As for George's comment about "barbarians" and "cannibals," I do admit that civilizations always clash and the better equiped (usually techologically) and not necessarily the morally better wins. Spaniards and British alike did not come to America to civilise but to plunder. It's simple like that. The theory of "civilising" was used as an excuse for the conquest and plunder. I do realize that the Natives, at that time, were no angels, either. They could kill as well, and they did. But at least they were defending their common property. We still have those "No tresspass" signs today, don't we?

Life taught me that history is a very complex science. There is no single reason or motive for things to happen, yet one should distuinguish between discourse and logic.

As for our entire debate over these threads, we are obviously in a position of a stubborn clash between two (unfortunately not synergic) societies. Each has its own values, ideals and behavior. All we need is to respect each other, although I do not believe in the "separate but equal" doctrine. IMHO, it failed miserably in the US and South Africa, just to give a few examples. And it will fail, "it's a mathematical certainty." If some people like, for subjective or objective reasons, to live separate from the mainstream society, they should be allowed to do so. America is a free country because the majority of its population wishes so. We are entitled to live our lives as we want, based on whatever principles or rules we choose. Be they old or new. Even if that life means living in a utopia. We, the citizens of this board, are probably living in a utopia, as well. But it is as sweet as the life lived by aristocrats. We just agree to disagree, that's all. As for myself, I care more for deeds than forms and rules. Because deeds can be simple, presented in a raw or rough form, yet be more valuable that empty forms. But of course, that's me... Above all, I can judge not, for I will be judged. And I will not attempt to throw the first stone...Good luck Jonathan, whatever pursuit you might follow! As long as you'll never forget your heart and instincts, you will be safe. Always try to be a better man, whatever you might need to do that, a better man in the face of God and not that of a social class.
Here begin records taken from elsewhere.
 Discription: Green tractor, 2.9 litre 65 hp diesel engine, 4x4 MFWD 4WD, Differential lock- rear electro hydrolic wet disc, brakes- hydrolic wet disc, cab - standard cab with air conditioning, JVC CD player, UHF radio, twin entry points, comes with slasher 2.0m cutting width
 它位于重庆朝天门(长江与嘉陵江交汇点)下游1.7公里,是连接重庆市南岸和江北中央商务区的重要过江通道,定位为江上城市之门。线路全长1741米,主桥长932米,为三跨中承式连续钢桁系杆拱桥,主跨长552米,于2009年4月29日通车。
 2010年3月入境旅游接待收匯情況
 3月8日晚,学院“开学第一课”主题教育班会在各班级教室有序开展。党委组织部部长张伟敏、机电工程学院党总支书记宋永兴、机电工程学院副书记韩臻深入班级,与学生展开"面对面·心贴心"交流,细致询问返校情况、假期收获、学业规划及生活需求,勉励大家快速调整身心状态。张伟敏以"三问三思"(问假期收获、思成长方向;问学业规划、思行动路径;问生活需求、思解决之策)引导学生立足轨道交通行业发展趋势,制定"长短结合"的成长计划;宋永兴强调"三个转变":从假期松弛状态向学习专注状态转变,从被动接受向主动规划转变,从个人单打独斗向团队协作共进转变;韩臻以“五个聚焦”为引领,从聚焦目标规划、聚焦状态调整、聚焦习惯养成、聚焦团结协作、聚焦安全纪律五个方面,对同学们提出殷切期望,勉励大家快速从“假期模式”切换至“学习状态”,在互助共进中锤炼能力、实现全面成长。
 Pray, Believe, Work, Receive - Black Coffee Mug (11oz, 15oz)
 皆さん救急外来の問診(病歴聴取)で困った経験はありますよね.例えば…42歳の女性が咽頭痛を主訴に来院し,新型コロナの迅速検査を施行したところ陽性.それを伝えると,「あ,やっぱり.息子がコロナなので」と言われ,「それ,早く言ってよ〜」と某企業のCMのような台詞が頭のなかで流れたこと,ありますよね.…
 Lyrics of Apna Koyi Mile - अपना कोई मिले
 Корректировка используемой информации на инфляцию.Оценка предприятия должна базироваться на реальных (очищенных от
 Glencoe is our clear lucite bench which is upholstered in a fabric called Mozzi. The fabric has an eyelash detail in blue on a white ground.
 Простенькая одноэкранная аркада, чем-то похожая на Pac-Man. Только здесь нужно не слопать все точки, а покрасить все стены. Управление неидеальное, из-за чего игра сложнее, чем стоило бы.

Good day!

-- Dan Draghici (ddraghic@sprint.ca), September 06, 1998.

Allison: Jonathan's mother would not be a member of the Aristocracy. She would presumably (if she showed up) not feel bound by this particularly arcane rule of "propriety".

-- Dalton (brrrr@Winnipeg.com), September 07, 1998.

Oops, that's right. Nice email address.

-- Allison (allisonelizabeth@mb.sympatico.ca), September 07, 1998.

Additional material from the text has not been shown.